There was music coming from Vinyl Richie's Wiggly World of Records throughout the summer day. At the record store's inaugural music festival last May, boys and girls came and went like cockatiels among the hollers and the beer in the parking lot. At patio tables covered with empty Miller High Life cans, people discussed the day's events. To the left of the outdoor bar, a dunk tank was set up. "Come on! Let all your anger out when you throw it," shouted the shirtless jester derisively, before being plunged into the tub. With the atmosphere a heat-fueled frenzy, the bands started arriving and all hell broke loose.
The quaint, apartment-sized shop is barely visible from its home at 2436 E. Robinson St. It's the kind of place you have to work to find, which is fitting considering the rare, dug-out nature of the merchandise inside. Unlike most record stores, Wiggly World does not separate its albums by genre or some other obsessive-compulsive categorization. "We only sell what we like" is their gruff motto, and they mean it. Co-owned by ubiquitous local underground champion and Floridas Dying label head Rich Evans and his wife, Jeanie (formerly of FD's Jeanie and the Tits), Wiggly World was a necessary outgrowth of the couple's burgeoning inventory: not only the couple of dozen vinyl records issued on Floridas Dying by artists from Florida to France, but also their own quirky collection of mostly obscure music of every variety. It was swallowing them whole, so they formed a plan to turn the clutter into a business.

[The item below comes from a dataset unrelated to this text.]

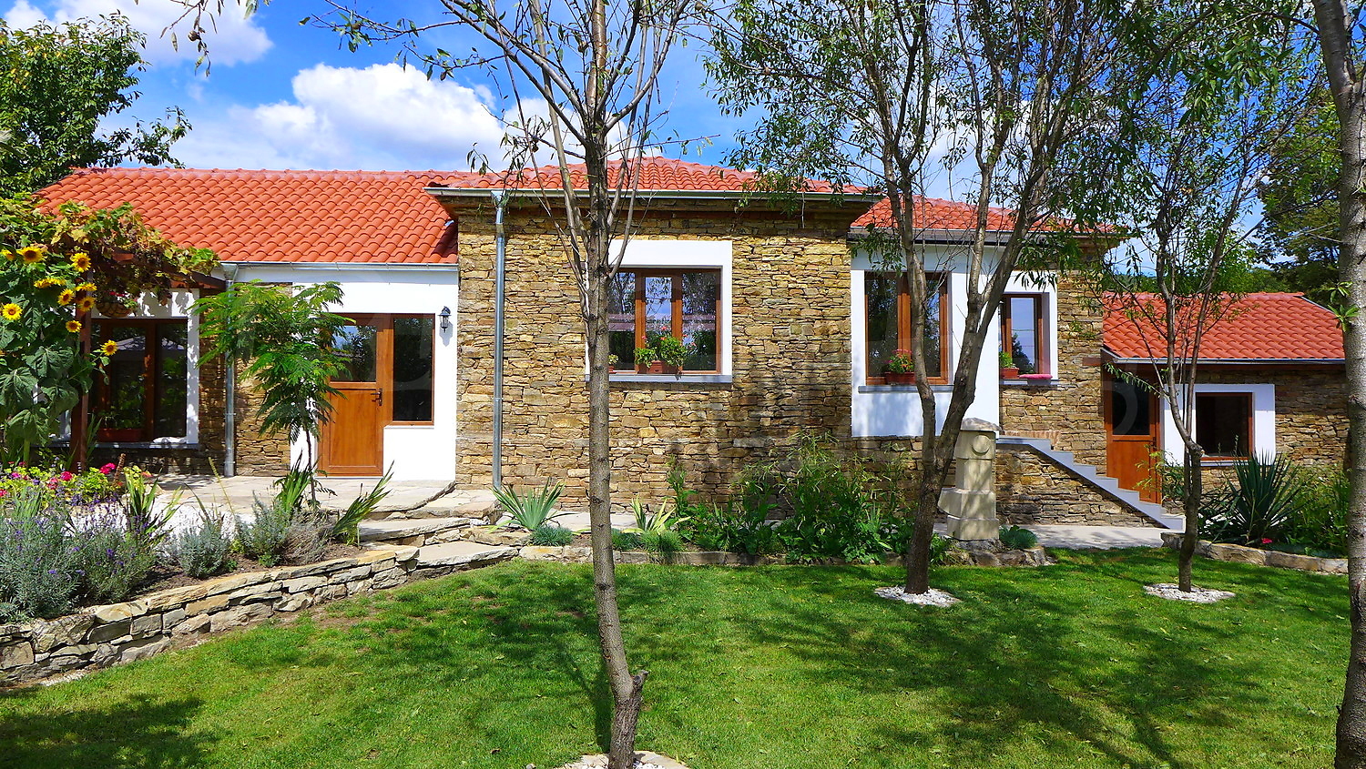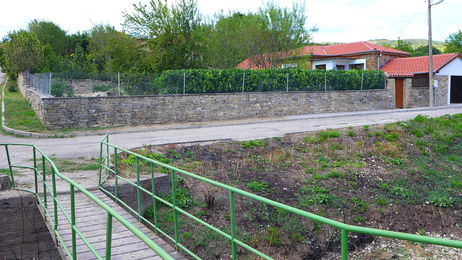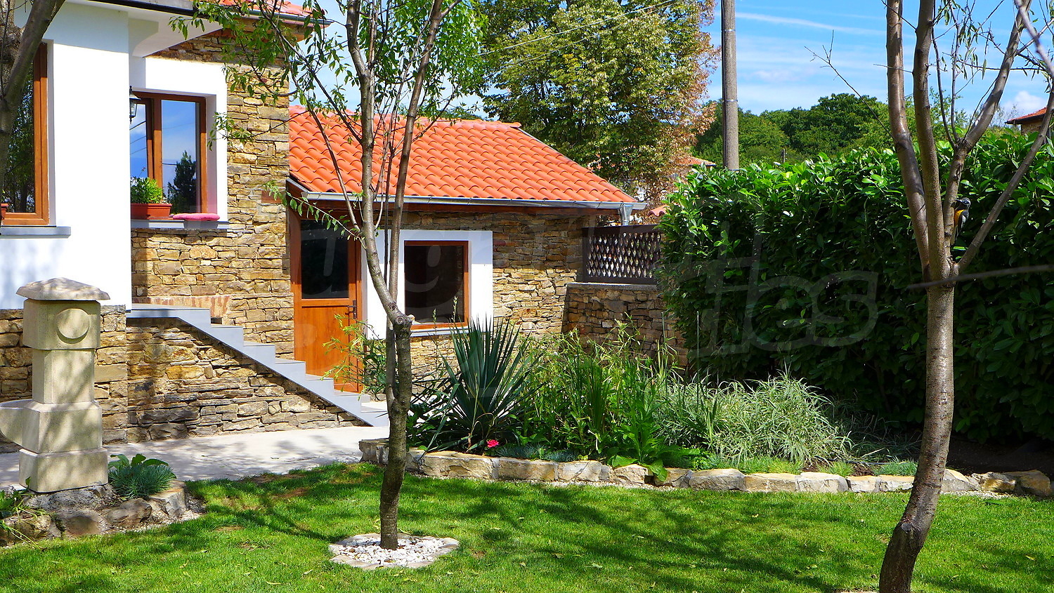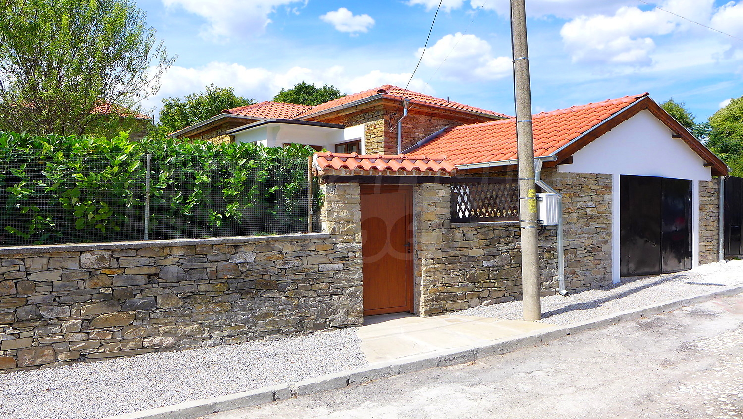 The property consists of one storied house with area 80 sq. m, a garden 580 sq. m and a garage. The living area is distributed between an entrance, a corridor, a living room, a kitchen, 2 bedrooms and 2 WC/bathrooms. The floorings are finished with laminate parquet and terracotta tiles, and the windows have PVC frames. The house itself is built from bricks and stones.

"Here's the truth," says Evans later that night at a downtown bar. He's joined by the singer for his band Slippery Slopes, Erik Grincewicz, who's wearing a Floridas Dying T-shirt and chugging beer from the pitcher. "I grew up in Miami and moved to Orlando when I was 20. I got a literary degree at UCF while still playing in bands and going on tour. After that I decided to open my own record store because there wasn't any place in town that carried the kind of records I liked. I thought, ‘Well, if nobody is still not into what I'm doing after this, then that's it.'"
Double negative and all, it's a declaration familiar to anyone who knows Evans and his endearing — and at times aggressive — desire for recognition and participation from Florida's music scene. Like many culture-minded citizens of a city that's long fostered a love-hate relationship with the very idea of culture, Evans occasionally tires of pouring his heart into something that often goes unnoticed.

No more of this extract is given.